**Dataset records**
Segment Open
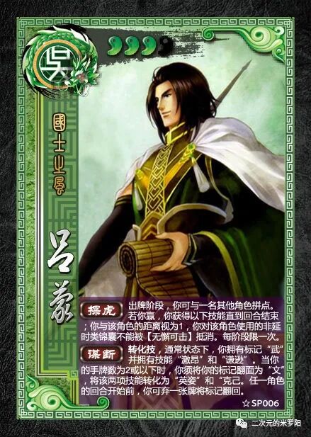 简述:转化技只有当年随桌游志赠送的sp吕蒙拥有,虽然名称与转换技非常像,但是效果差异很大。不分“阴”“阳”,而是根据吕蒙手牌数的不同而拥有不同效果。平常状态下,吕蒙拥有“武”标记,拥有“激昂”“谦虚”,而手牌数为2或以下时,标记变为“文”,拥有的技能也变为“英姿”和“克己”。
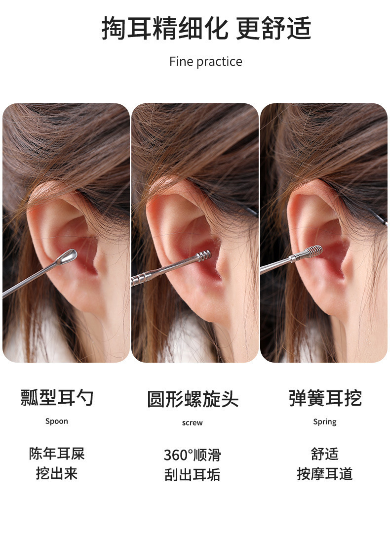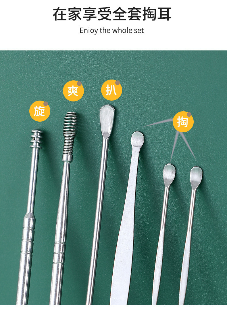 掏耳挖耳勺不锈钢掏耳勺耳朵采耳专用工具套装大人儿童掏耳六件套
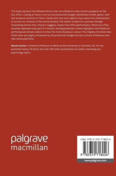 This book explores the different factors that can influence a new movie's prospects at the box office. Looking at factors such as the production budget, distribution model, genre, stars and audience reactions of films, Gunter asks how such aspects may reduce the uncertainties of success so common in the movie industry. The reader is taken on a journey through filmmaking factors that, research suggests, impact box office performance. While box office revenues represent only part of a movie's earning potential, Gunter highlights how theatrical performances remain central to what the movie business is about. The chapters illustrate how ticket sales are largely influenced by the production budget but also cultural differences and new movie platforms.
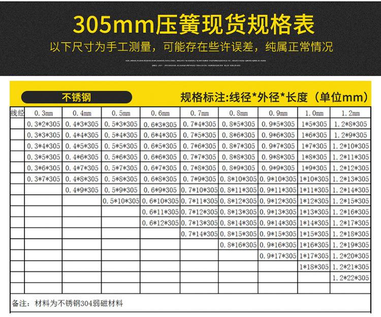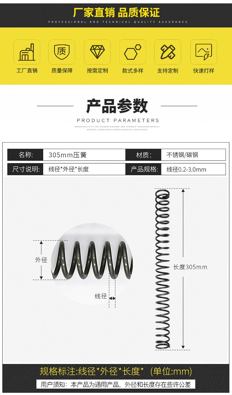 Resorte de compresión de 1,0-1,5 mm, resorte de compresión de hardware, presión de compresión 300, acero inoxidable largo, suave, mecánico, elástico, acero amarillo
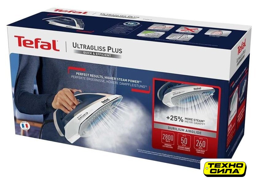 2400 Вт, с пароувлажнением, подошва SteamGlide Plus, постоянная подача пара
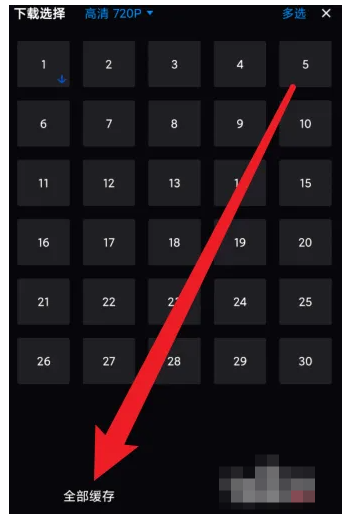 3、进入下载选择页面,勾选想要下载的视频,点击全部缓存即可开始下载。
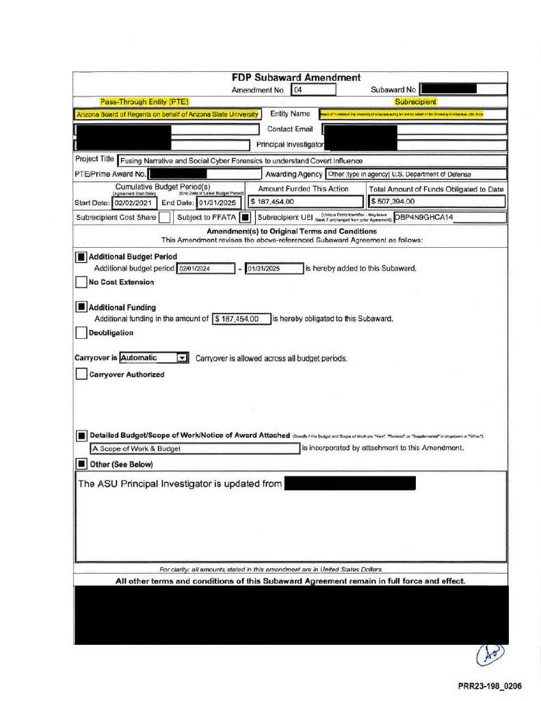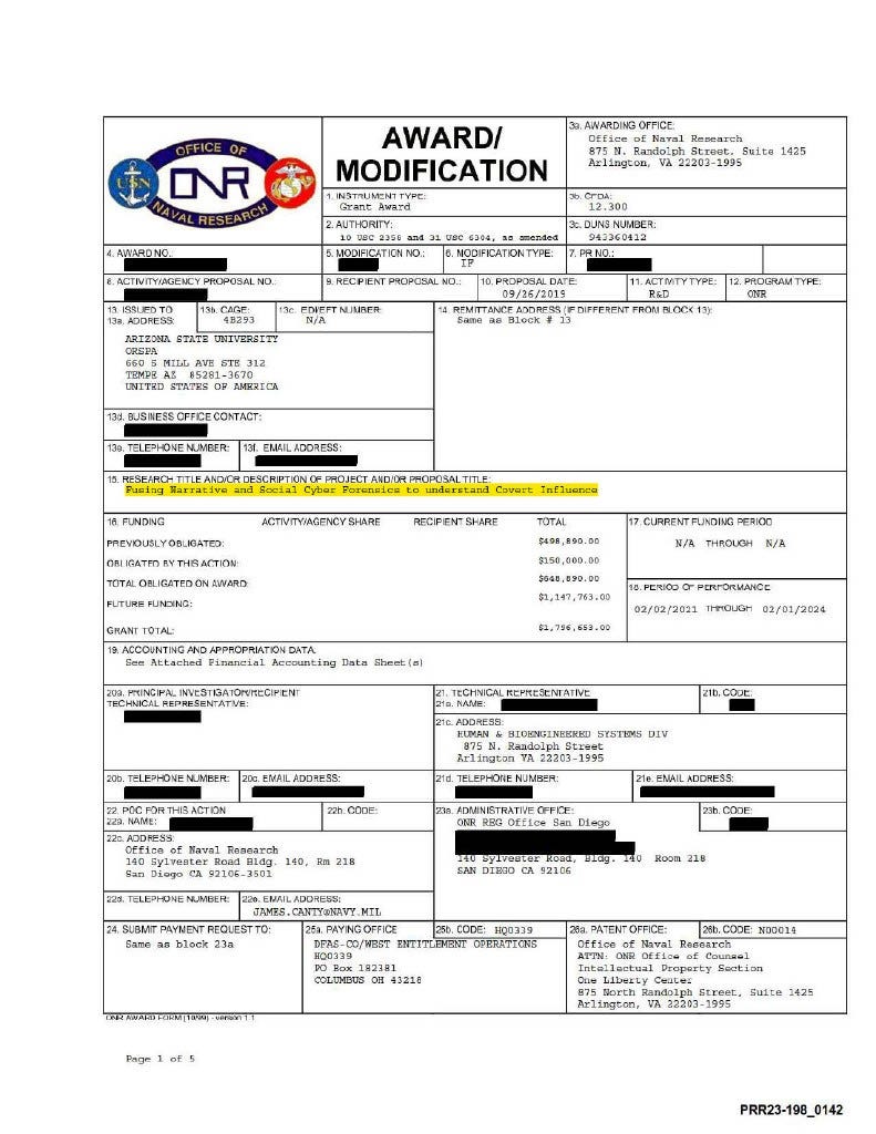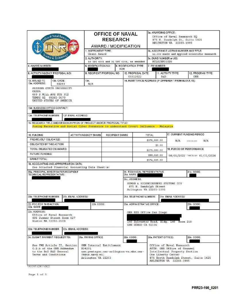 ASU also held a contract with the Office of Naval Research. However, this project, titled “Fusing Narrative and Social Cyber Forensics to Understand Covert Influence,” actually appears to have an international mandate. Its goal is to study the rise of pro-China narratives in East and Southeast Asia, with a focus on Indonesia and the Philippines. Interestingly enough, this proposal comes with a subaward amendment that lists ASU as a pass-through entity and the University of Arkansas at Little Rock as a subrecipient.
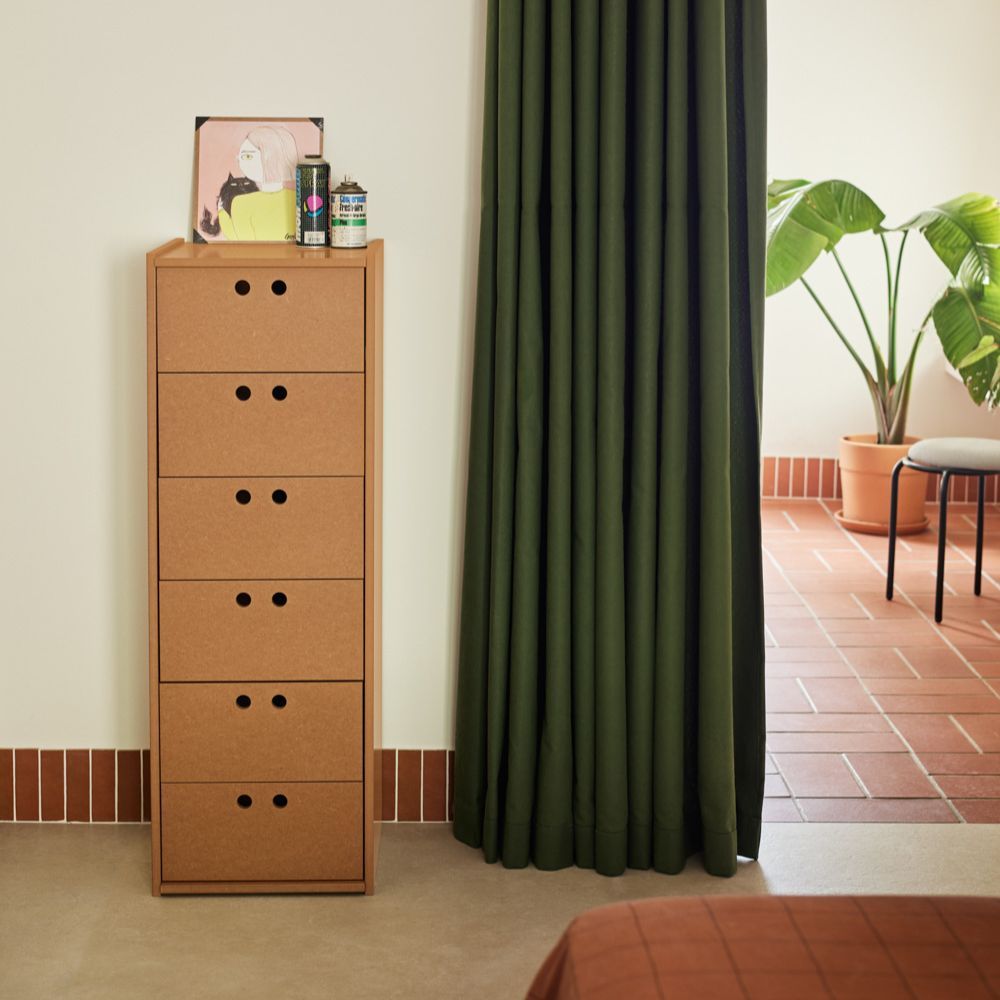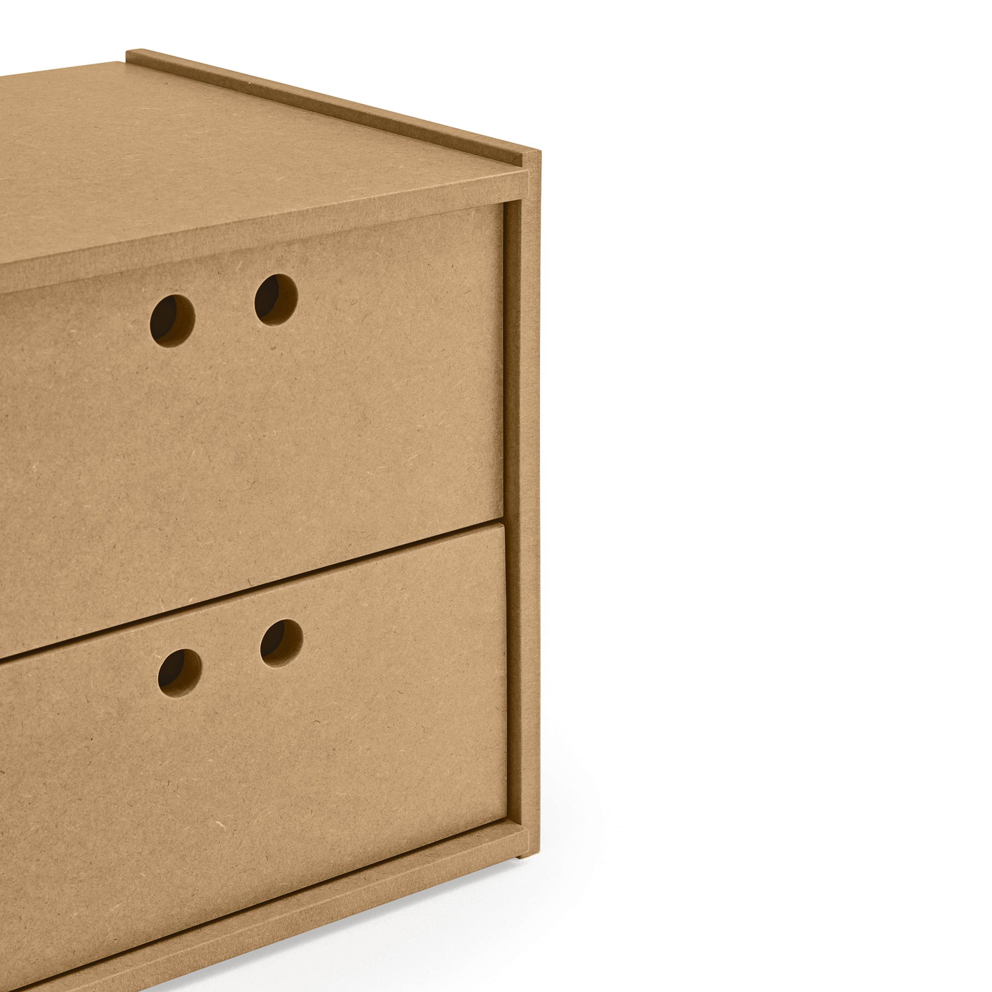 MDF visto como material de la colección. Agujeros en lugar de pomos. Superficies divisibles para facilitar el transporte y el empaquetado.
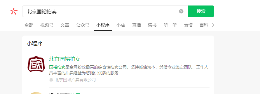 通过微信搜索,搜北京国裕拍卖,搜不到小程序
Segment Closed
**Work to complete**
Copy every line exactly, from the opening line of the entries down to the line holding "Resorte de compresión de 1,0-1,5", and keep the pictures out.

**Answer space**
 简述:转化技只有当年随桌游志赠送的sp吕蒙拥有,虽然名称与转换技非常像,但是效果差异很大。不分“阴”“阳”,而是根据吕蒙手牌数的不同而拥有不同效果。平常状态下,吕蒙拥有“武”标记,拥有“激昂”“谦虚”,而手牌数为2或以下时,标记变为“文”,拥有的技能也变为“英姿”和“克己”。
 掏耳挖耳勺不锈钢掏耳勺耳朵采耳专用工具套装大人儿童掏耳六件套
 This book explores the different factors that can influence a new movie's prospects at the box office. Looking at factors such as the production budget, distribution model, genre, stars and audience reactions of films, Gunter asks how such aspects may reduce the uncertainties of success so common in the movie industry. The reader is taken on a journey through filmmaking factors that, research suggests, impact box office performance. While box office revenues represent only part of a movie's earning potential, Gunter highlights how theatrical performances remain central to what the movie business is about. The chapters illustrate how ticket sales are largely influenced by the production budget but also cultural differences and new movie platforms.
 Resorte de compresión de 1,0-1,5 mm, resorte de compresión de hardware, presión de compresión 300, acero inoxidable largo, suave, mecánico, elástico, acero amarillo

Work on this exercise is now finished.